Марк молчал. Глядя на его невозмутимое лицо, барон не сдержался и воскликнул:
— Вы же понимаете, как легко нам будет захватить его! Кроме того, в гавани нет ни одного корабля Ордена, кроме нашего, готового немедленно отплыть.
Марк наконец улыбнулся.
— Вполне очевидно, что мы обязаны не дать пиратам возможности ускользнуть с таким ценным грузом.
— Я знал, что вы согласитесь! Знал! — радостно сказал барон.
Он направился к двери, но, оглянувшись, добавил:
— Я направляюсь прямо на «Святого Иуду». Когда мы там увидимся?
— Через четверть часа, — ответил Марк. — Я иду вслед за вами.
Дверь за Людвигом фон Вютенштайном закрылась, и они услышали, как он побежал по коридору, торопясь вернуться на корабль с хорошей новостью.
Марк обернулся к Корделии.
— Боюсь, наш разговор придется отложить до моего возвращения.
— Ты долго… будешь отсутствовать?
— Полагаю, не больше недели, а возможно, и меньше, — ответил он. — Береги себя, Корделия.
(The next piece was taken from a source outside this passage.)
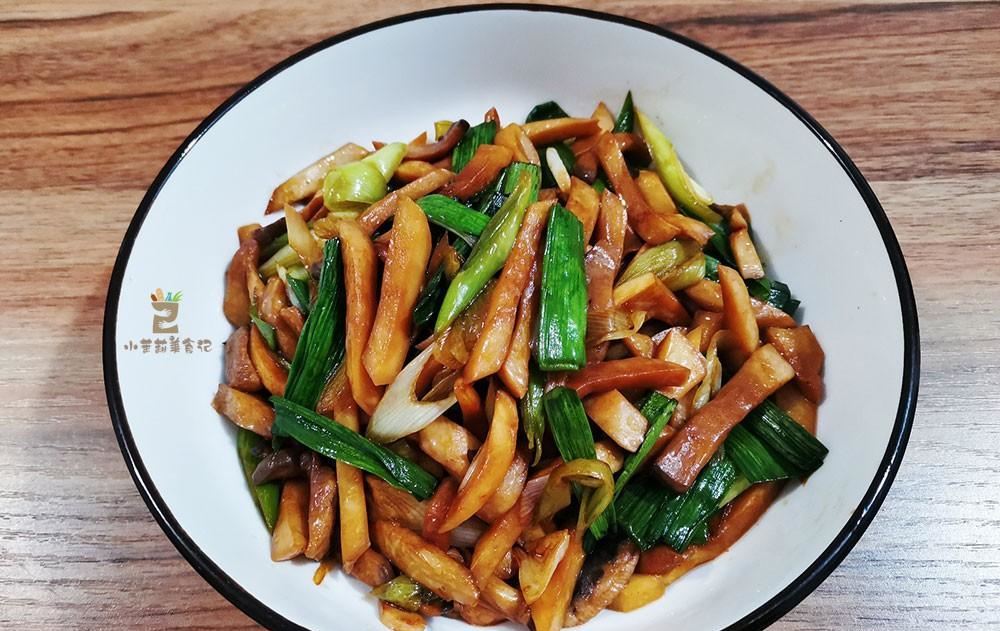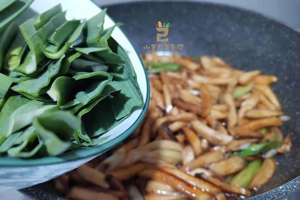 4、起锅烧油,先把青蒜蒜白的部分放到锅里炒香,放入杏鲍菇,淋入生抽炒入味,接着把蒜叶的部分也下锅快炒,直到蒜叶也断生,就可以关火出锅了。

Марк протянул ей руку, и она вложила в нее свои пальцы.
— И ты береги… себя. Это очень опасно?
— Не буду искушать судьбу, отвечая на твой вопрос, — ответил он с улыбкой. — Такое у здешних моряков существует поверье.
Тонкие пальцы девушки крепче сжали его руку.
— Как бы мне хотелось, чтобы ты не уходил, — сказала она тихо. — Я буду волноваться… беспокоиться каждую минуту, пока ты не вернешься.
— Я хочу, чтобы ты провела это время весело, Корделия, и не думай обо мне.
— Выполнить твое желание… будет трудно, — призналась девушка.
Она заглянула в его глаза, и странное чувство снова охватило ее.
— Пожалуйста… будь осторожен, — чуть слышно попросила она.
С минуту Марк стоял, не шелохнувшись. Затем, не в силах сдержать себя, как будто какая-то высшая сила управляла им, он обнял Корделию, крепко прижал к себе и прикоснулся к ее губам.
Его поцелуй был таким легким, как будто он целовал ребенка, а прижавшись к ее губам, он ощутил, какие они мягкие и нежные.
От его поцелуя Корделия почувствовала, как по ее телу разливается тепло и странная слабость.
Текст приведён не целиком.